[Aim of the exercise]
Print the listing below word for word, but drop any pictures it contains.
(Raw data begins)
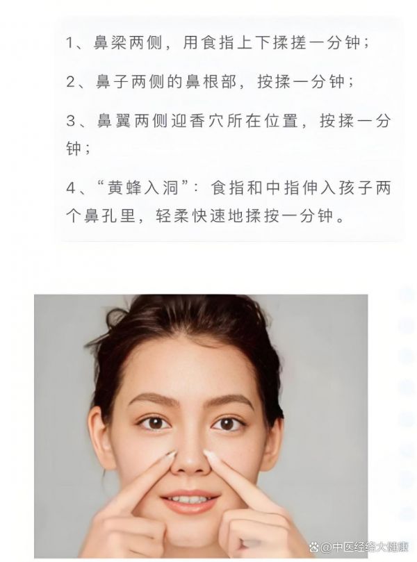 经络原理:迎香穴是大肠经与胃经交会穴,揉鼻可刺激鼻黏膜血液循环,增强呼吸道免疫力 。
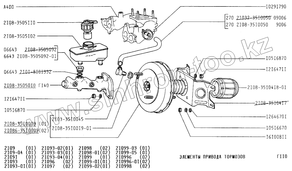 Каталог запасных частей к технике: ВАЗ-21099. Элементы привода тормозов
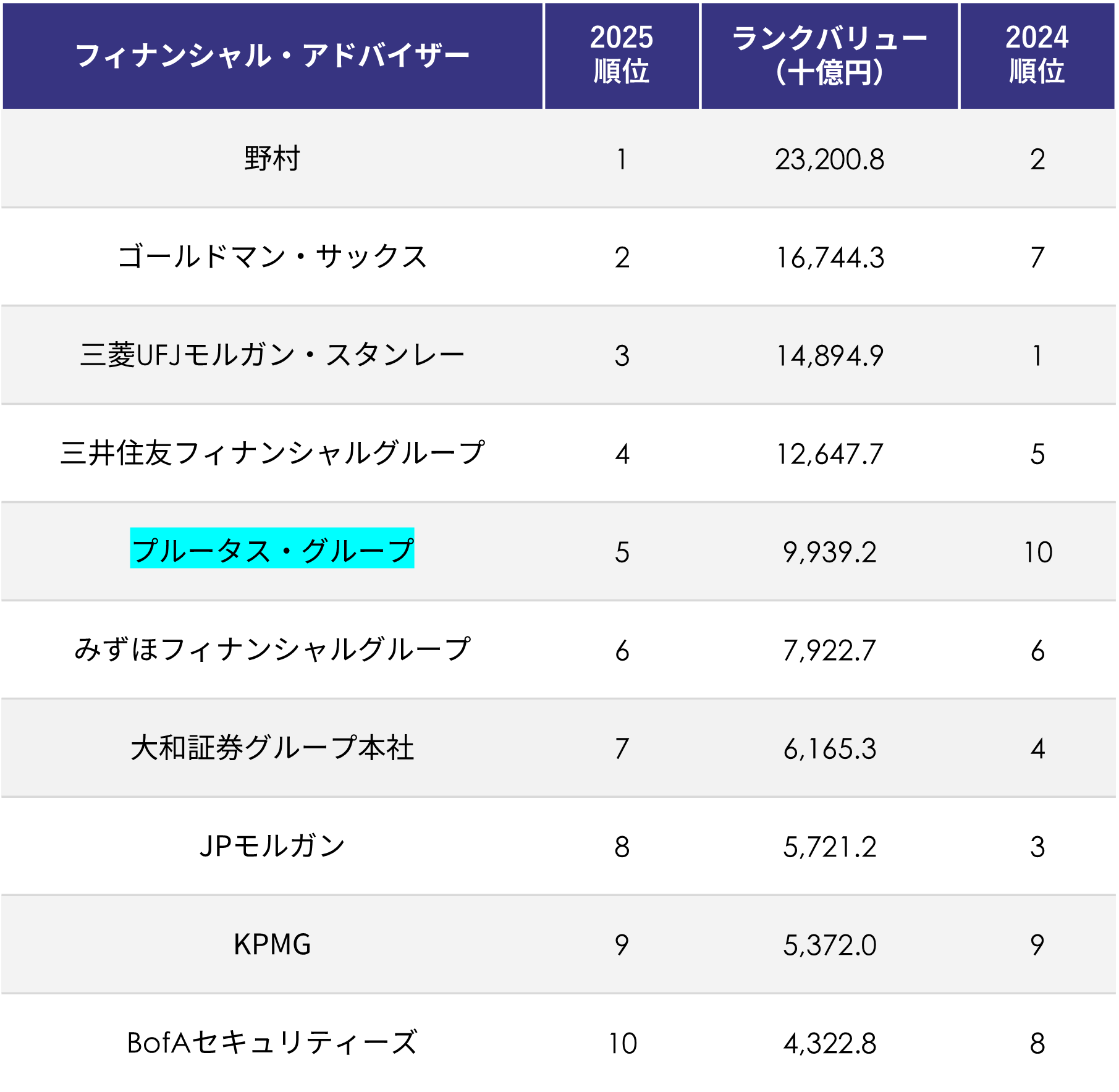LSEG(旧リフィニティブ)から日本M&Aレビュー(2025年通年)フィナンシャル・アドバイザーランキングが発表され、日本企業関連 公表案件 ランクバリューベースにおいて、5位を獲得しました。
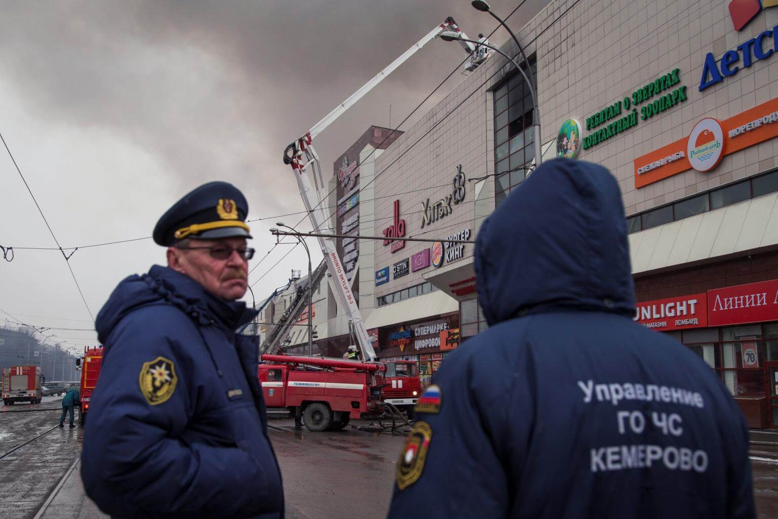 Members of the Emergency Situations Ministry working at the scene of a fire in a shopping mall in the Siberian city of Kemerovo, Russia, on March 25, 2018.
(Raw data ends)
[Solution to this problem]
 经络原理:迎香穴是大肠经与胃经交会穴,揉鼻可刺激鼻黏膜血液循环,增强呼吸道免疫力 。
 Каталог запасных частей к технике: ВАЗ-21099. Элементы привода тормозов
LSEG(旧リフィニティブ)から日本M&Aレビュー(2025年通年)フィナンシャル・アドバイザーランキングが発表され、日本企業関連 公表案件 ランクバリューベースにおいて、5位を獲得しました。
 Members of the Emergency Situations Ministry working at the scene of a fire in a shopping mall in the Siberian city of Kemerovo, Russia, on March 25, 2018.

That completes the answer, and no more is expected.